Blair Campbell wrote: > Testers are appreciated
I haven't tested really, but I ran it to see what it did. Afterwards, a look at the source's main() shows the dirs variable has malloc()'s and free()'s not matching either in count or block level conditionals, i.e. first loop malloc()'s are not free()'d and second malloc() in a conditional block is unconditionally free()'d.
The first issue will consume memory in the application unnecessarily, the second is either benign or potentially fatal, depending on whether the compiler follows ISO/ANSI C specs to auto-zero global variables. Compounding the first memory consumption problem, it doesn't look like the code is free()'ing all of its auto-malloc()'ed getcwd[95]()'s. Probably not a critical failing, but possibly significant in a DOS memory-limited/high file count environment .
I don't see how the application will read more than one line of an @ list file in main() without an associated loop construct for the fgets(), but perhaps I misunderstand the functionality and it's not to do so.

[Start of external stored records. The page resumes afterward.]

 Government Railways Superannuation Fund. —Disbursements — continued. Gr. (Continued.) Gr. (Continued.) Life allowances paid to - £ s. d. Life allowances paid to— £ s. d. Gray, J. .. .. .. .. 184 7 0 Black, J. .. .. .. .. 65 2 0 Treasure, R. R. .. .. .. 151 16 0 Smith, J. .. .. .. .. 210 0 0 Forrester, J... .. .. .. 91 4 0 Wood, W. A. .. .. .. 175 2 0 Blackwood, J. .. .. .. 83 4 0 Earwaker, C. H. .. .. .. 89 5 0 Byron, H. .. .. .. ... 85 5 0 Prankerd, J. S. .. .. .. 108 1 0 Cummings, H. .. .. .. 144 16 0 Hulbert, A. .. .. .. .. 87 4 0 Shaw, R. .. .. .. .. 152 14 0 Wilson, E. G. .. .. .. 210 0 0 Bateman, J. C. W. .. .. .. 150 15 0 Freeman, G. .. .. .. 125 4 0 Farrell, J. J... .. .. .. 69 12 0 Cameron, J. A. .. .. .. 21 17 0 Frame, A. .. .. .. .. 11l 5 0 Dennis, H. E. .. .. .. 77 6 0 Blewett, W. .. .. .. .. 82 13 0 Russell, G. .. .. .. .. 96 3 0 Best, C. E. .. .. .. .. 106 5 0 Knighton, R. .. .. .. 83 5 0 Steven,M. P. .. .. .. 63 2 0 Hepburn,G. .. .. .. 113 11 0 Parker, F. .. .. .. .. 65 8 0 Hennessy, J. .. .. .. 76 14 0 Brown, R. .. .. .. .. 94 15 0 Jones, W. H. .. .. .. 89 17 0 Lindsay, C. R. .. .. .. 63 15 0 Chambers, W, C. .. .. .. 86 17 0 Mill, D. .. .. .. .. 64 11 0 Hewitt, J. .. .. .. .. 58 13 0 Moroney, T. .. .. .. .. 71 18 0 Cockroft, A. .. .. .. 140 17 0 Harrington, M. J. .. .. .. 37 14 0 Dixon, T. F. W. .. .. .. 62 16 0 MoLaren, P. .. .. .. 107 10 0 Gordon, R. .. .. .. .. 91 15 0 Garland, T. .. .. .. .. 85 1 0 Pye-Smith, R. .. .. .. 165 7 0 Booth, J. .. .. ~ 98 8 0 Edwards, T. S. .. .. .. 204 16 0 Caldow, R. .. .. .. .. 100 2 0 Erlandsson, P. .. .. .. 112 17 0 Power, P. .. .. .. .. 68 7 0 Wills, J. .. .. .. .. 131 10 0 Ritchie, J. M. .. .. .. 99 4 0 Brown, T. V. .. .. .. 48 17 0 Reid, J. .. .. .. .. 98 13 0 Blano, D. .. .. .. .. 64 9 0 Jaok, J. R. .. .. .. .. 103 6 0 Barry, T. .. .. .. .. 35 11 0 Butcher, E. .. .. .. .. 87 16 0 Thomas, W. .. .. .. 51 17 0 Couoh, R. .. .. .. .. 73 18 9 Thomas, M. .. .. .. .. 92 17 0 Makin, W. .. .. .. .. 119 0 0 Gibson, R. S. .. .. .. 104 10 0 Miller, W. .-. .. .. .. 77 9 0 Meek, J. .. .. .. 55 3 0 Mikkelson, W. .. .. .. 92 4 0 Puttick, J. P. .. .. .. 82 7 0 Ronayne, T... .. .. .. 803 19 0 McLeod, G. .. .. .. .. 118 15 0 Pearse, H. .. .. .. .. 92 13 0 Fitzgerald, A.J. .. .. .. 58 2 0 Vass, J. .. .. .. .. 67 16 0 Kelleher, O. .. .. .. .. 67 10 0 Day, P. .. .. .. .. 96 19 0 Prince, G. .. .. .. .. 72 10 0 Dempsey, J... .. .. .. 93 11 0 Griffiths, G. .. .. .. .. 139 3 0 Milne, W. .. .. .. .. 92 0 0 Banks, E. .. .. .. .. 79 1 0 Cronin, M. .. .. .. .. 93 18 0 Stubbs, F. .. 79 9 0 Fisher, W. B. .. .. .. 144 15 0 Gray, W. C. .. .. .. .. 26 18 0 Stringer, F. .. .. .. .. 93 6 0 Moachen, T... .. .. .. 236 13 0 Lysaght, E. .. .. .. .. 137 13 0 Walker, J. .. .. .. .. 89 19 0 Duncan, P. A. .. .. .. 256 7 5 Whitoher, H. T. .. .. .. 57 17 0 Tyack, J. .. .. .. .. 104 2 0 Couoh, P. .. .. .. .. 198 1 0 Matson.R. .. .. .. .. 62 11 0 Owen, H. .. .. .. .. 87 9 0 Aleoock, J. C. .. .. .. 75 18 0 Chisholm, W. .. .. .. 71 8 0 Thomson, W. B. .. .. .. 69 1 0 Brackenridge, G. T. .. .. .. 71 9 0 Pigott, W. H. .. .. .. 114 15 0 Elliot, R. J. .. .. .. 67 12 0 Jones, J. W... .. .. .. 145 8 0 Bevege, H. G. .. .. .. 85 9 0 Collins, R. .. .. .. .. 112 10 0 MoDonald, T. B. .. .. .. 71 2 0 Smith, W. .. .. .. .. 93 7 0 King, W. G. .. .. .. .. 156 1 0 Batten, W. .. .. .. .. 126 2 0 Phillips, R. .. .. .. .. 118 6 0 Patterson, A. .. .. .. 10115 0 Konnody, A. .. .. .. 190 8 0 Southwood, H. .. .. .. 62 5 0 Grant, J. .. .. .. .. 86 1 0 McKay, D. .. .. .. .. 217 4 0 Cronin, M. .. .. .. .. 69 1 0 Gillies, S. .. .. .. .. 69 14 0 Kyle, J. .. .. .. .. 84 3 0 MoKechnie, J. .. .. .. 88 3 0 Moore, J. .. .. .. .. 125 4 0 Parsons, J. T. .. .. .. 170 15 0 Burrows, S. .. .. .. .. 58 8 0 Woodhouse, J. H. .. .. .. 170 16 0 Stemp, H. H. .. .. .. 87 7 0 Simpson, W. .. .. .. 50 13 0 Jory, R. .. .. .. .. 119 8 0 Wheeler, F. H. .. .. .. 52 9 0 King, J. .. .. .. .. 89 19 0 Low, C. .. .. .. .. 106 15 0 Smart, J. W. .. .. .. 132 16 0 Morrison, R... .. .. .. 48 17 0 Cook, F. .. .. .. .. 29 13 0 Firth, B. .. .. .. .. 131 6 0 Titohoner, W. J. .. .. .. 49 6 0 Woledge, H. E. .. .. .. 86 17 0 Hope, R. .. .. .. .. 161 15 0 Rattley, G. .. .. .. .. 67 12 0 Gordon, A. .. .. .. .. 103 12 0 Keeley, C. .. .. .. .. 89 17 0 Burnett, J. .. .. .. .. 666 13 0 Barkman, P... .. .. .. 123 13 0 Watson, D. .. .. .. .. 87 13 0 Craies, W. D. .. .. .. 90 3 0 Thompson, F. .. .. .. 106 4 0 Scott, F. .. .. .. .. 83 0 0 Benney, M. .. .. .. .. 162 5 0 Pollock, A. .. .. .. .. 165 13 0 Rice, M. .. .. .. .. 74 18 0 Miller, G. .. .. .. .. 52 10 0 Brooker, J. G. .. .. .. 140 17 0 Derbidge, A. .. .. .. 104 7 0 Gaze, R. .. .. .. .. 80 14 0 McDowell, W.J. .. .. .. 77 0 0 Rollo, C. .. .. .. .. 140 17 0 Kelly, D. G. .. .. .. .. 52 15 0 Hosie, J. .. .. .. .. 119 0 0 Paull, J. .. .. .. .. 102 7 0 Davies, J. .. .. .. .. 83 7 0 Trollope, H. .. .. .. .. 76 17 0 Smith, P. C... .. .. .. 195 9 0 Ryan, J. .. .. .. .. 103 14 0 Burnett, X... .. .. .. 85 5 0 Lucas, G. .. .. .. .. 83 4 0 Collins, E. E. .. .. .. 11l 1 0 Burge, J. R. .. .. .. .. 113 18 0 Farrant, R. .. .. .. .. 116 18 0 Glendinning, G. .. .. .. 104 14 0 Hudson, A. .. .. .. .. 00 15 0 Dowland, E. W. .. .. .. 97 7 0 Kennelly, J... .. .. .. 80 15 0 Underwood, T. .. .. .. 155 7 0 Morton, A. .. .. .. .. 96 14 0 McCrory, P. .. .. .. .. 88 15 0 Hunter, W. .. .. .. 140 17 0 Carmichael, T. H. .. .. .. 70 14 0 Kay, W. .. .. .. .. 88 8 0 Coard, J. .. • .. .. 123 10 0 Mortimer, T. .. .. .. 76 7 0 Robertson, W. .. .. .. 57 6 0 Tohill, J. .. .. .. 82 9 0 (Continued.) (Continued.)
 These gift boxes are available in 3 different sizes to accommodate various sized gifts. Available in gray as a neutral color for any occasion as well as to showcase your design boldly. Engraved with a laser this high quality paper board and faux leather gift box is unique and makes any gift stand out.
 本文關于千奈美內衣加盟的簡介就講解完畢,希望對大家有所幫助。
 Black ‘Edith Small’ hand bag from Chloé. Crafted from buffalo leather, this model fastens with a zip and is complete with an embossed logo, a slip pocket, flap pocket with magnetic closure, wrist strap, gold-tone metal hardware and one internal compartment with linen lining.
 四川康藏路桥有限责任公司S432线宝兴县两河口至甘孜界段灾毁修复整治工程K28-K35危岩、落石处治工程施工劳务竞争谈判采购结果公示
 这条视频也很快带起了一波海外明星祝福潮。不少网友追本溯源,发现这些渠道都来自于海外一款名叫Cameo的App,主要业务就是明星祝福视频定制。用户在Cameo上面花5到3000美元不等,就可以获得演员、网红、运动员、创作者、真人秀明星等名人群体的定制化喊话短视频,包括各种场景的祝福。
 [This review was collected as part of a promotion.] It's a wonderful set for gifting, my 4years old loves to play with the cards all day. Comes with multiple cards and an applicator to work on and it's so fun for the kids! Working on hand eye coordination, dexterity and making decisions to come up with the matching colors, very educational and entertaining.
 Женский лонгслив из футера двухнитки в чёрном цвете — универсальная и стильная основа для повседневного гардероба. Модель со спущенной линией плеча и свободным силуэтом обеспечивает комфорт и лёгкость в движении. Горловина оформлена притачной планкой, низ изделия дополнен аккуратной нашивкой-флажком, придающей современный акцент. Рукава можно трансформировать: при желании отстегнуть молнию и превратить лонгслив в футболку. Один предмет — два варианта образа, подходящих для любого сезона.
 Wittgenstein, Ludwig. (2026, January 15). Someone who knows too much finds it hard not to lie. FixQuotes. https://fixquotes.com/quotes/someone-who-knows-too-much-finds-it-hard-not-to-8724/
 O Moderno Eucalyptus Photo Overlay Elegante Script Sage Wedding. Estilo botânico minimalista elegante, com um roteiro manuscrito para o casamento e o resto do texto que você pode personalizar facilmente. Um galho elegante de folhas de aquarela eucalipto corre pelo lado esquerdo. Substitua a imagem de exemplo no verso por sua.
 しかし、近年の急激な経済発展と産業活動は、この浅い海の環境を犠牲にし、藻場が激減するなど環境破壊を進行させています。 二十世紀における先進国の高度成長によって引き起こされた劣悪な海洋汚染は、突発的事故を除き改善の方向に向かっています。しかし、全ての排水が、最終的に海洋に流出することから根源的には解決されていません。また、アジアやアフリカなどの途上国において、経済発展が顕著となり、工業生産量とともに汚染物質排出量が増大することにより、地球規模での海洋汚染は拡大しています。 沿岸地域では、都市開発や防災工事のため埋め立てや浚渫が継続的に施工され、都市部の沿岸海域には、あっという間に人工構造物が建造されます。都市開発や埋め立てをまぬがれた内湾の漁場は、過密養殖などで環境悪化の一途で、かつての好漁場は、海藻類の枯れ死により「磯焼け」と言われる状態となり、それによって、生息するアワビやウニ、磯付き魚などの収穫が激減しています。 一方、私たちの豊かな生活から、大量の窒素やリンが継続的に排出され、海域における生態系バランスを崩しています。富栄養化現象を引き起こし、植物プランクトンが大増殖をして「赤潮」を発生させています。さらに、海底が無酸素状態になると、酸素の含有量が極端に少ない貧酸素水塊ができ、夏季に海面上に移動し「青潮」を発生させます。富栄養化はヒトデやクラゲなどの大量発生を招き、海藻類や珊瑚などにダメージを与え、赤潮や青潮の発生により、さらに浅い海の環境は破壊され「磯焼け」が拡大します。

A last note from a quick look: the getdcwd95() function is guaranteed to create a buffer overflow. It malloc()'s buf's size based on length of the directory name returned in hbuf from getcurdir95(), then it places information at the beginning of buf, and finally strcpy()'s in the entire hbuf string used to size buf after the additional buf information bytes. That may explain the garbled directory listing displays I saw.